WHAT YOU HAVE TO DO:
Below are the records; give again exactly the lines from the one containing "Dans ce Derby" through the one containing "This wedding invitation", leaving out pictures.

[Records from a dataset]
....................
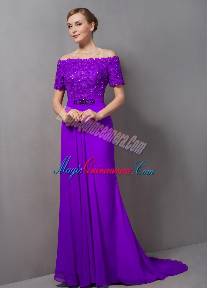 Fancy Eggplant Purple Chiffon Zipper Off The Shoulder Short Sleeves Mother Dresses Sweep Train Lace
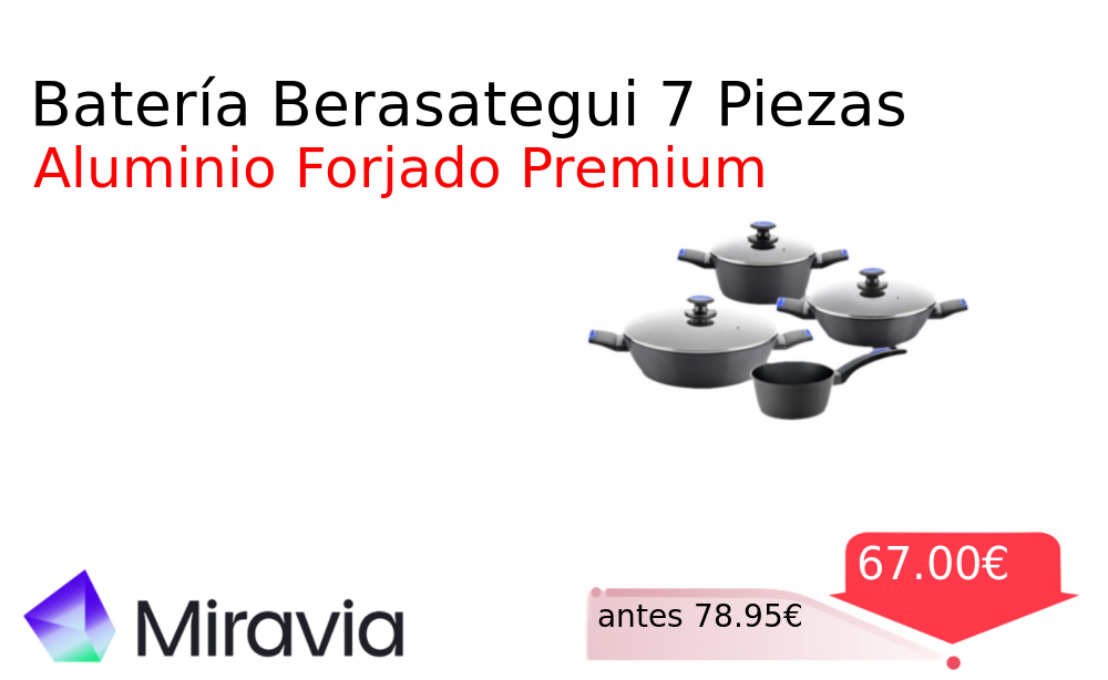 Buen Precio✨ Batería Berasategui 7 Piezas❗️🆕 #Miravia 📛Precio Ya 67.00€❗️ (PVP: +78.95€) ✨Batería de cocina de aluminio forjado con 7 piezas y antiadherente libre de PFOA Apta para inducción e incluye tapas de cristal recomendada por. cholloya.com/MONIX_BERASATEG
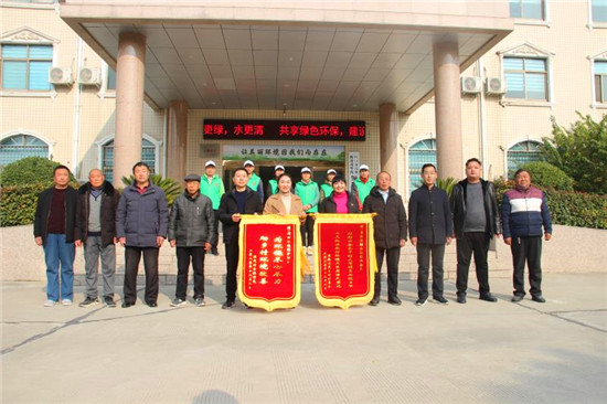 12月4日上午,西华县叶埠口乡洼赵行政村村民将一面写有“为环保尽心尽力 助乡村环境改善”字样的锦旗送到市环境保护协会会长孙彩云的手中,以感谢市环境保护协会的志愿者在村里开展志愿服务活动,以实际行动助力农村人居环境整治。
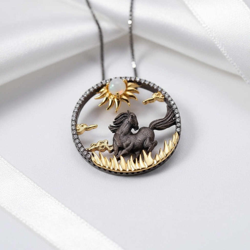 Celebrate the spirit of movement and grace with this handcrafted galloping horse necklace, featuring a striking natural African opal pendant. Each piece is individually designed, showcasing the stone's mesmerizing play of color and light. Perfect for those who appreciate artisanal jewelry that tells a story and captures the essence of strength and elegance.
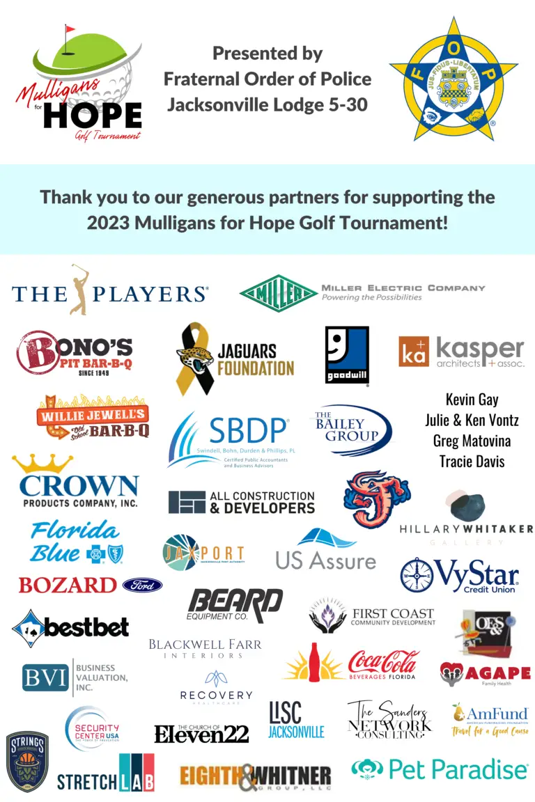 We extend our most sincere thanks to the Fraternal Order of Police (FOP) of Jacksonville for being the Title Sponsor of the tournament. “We are proud to support Operation New Hope and all the work they do to help reconnect people with the workforce, their families and their communities,” said Randy Reaves, Jacksonville FOP President. “We believe in the support they provide and know that their organization has a positive impact on our community.”
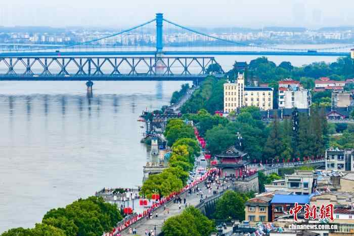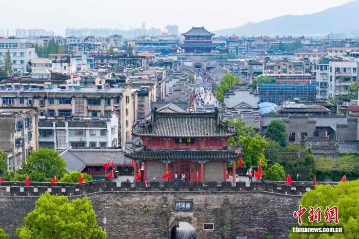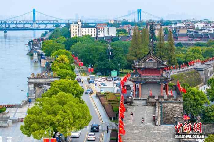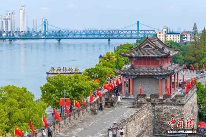 湖北襄阳古城国旗招展 一江两岸风光秀美
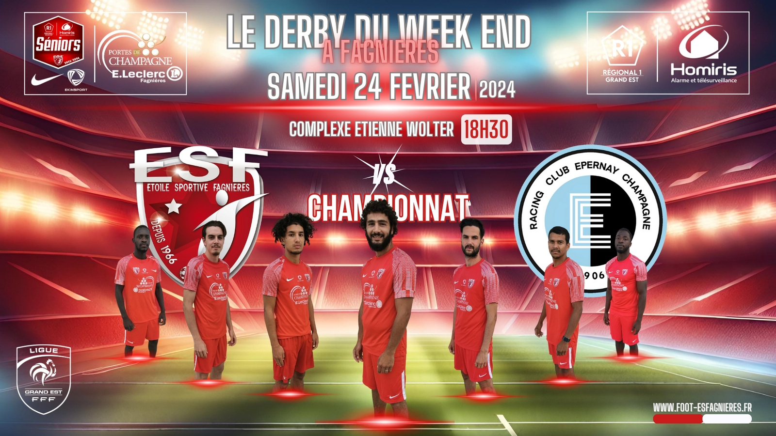 Dans ce Derby Marnais, le Groupe de Jerome Van-Nieuwenhuyse recevra le Racing Club d'Epernay Champagne au Complexe sportif Etienne Wolter de Fagnières pour le compte de la 16ème journée de Championnat Ligue du Grand Est Régional 1 Homiris.
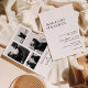 This wedding invitation features a minimalist design with a grid of four heartfelt couple photos at the top. The lower section uses elegant, centred serif typography for key details, creating a balanced and sophisticated look that highlights warmth and intimacy.
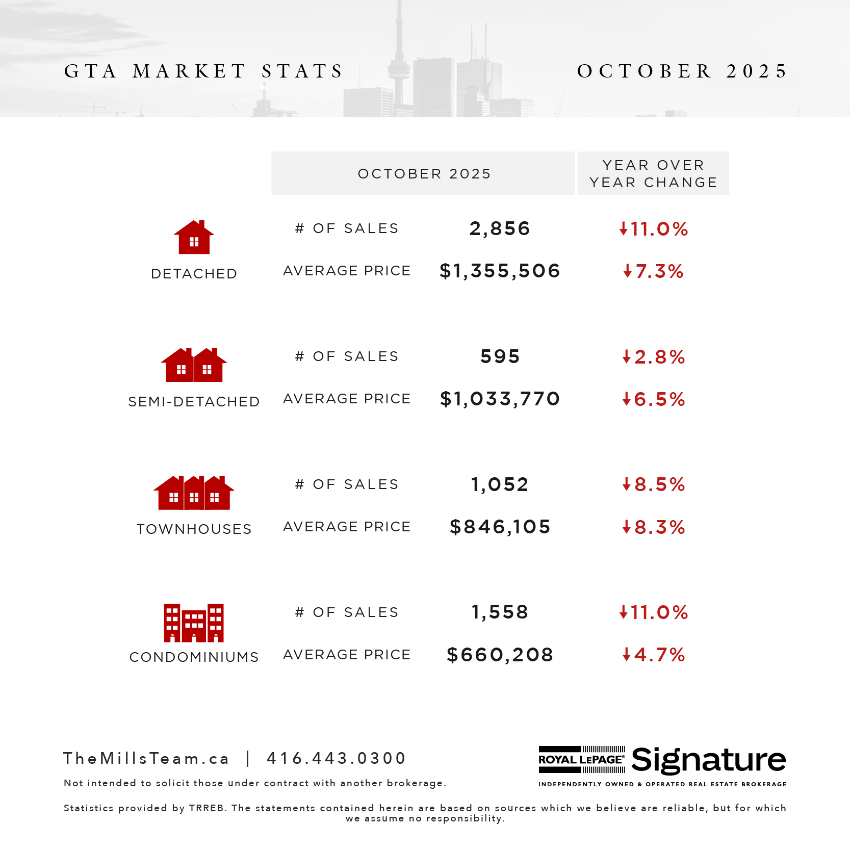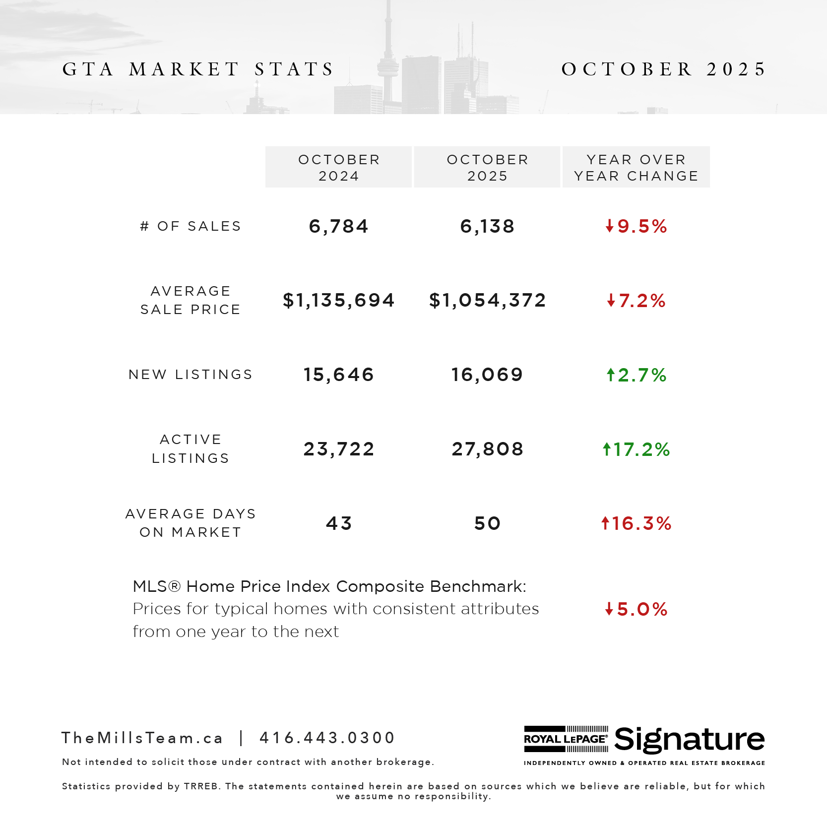 TORONTO, ONTARIO, November 5, 2025 – Home sales in the Greater Toronto Area (GTA) were down year-overyear in October, while new listings were up. Market conditions continued to favour homebuyers, as average selling prices were negotiated down alongside lower mortgage rates. “Buyers who are confident in their employment situation and ability to make their mortgage payments over the long term are benefitting from affordable housing market conditions relative to the past few years. However, many intending homebuyers remain on the sidelines due to uncertainty about their economic future,” said TRREB President Elechia Barry-Sproule. GTA REALTORS® reported 6,138 home sales through TRREB’s MLS® System in October 2025 – down by 9.5 per cent compared to October 2024. New listings entered into the MLS® System amounted to 16,069 – up by 2.7 per cent year-over-year.
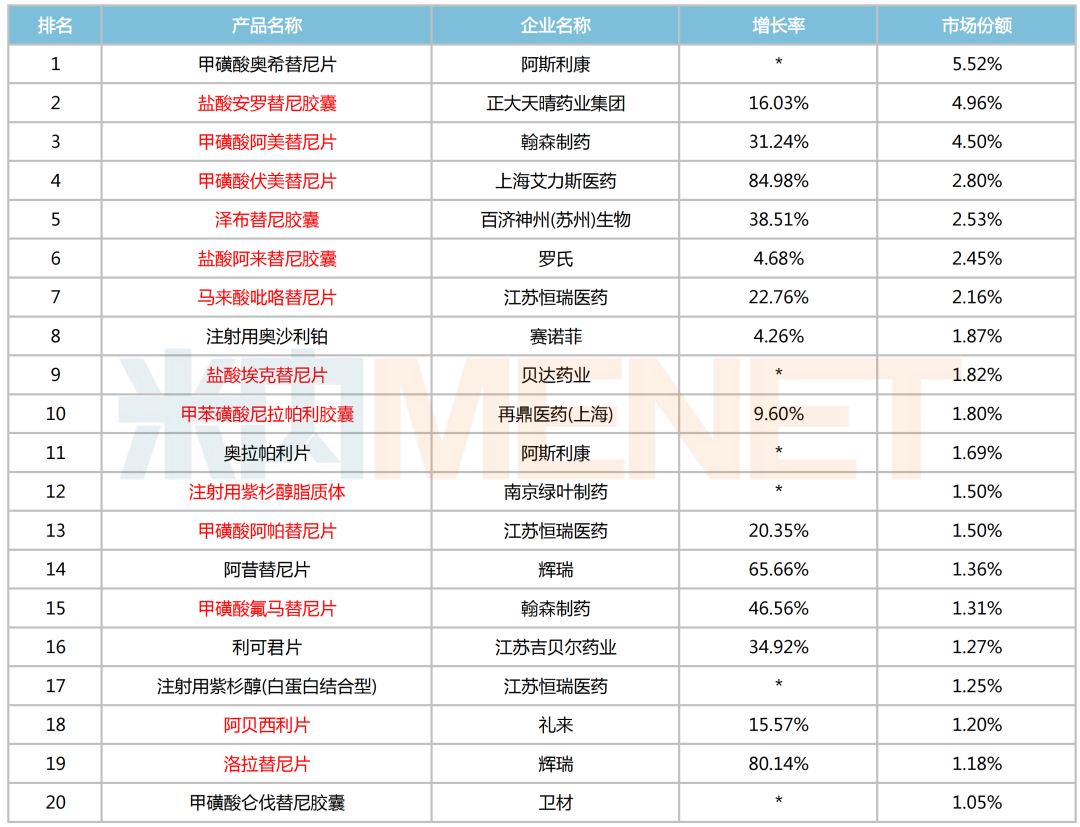 16个品牌销售额呈正增长,有11个涨幅达两位,包括:艾力斯的甲磺酸伏美替尼片暴涨84.98%、翰森制药的甲磺酸氟马替尼片大涨46.56%、百济神州的泽布替尼胶囊、吉贝尔药业的利可君片和翰森制药的甲磺酸阿美替尼片均涨逾30%、恒瑞医药的马来酸吡咯替尼片和甲磺酸阿帕替尼片均涨超20%。
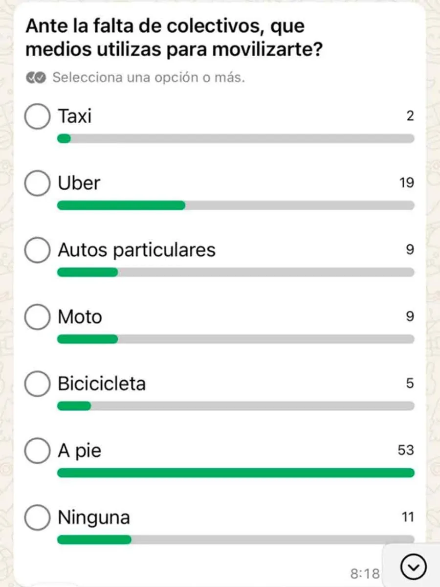 Entre todos los que enviaron sus mensajes, 53 personas expusieron que se movilizaron a pie, en tanto otras 44 personas lo hicieron por diversos medios de transporte, como autos 9 personas, Uber 19 personas, motos 9 personas, bicicletas 5 personas. Un llamado de atención para los señores concedentes, los políticos, por el impacto que en sus gestiones tiene el proceder de estos empresarios a los que confían los dineros de la gente para que inopinadamente, de manera sorpresiva sin justificación alguna dejen a pie a los usuarios del transporte público, además de provocar molestias y gastos inesperados a aquellos que tuvieron que recurrir a transportes que no tenían en sus presupuestos.
....................
ANSWER BOX:
 Dans ce Derby Marnais, le Groupe de Jerome Van-Nieuwenhuyse recevra le Racing Club d'Epernay Champagne au Complexe sportif Etienne Wolter de Fagnières pour le compte de la 16ème journée de Championnat Ligue du Grand Est Régional 1 Homiris.
 This wedding invitation features a minimalist design with a grid of four heartfelt couple photos at the top. The lower section uses elegant, centred serif typography for key details, creating a balanced and sophisticated look that highlights warmth and intimacy.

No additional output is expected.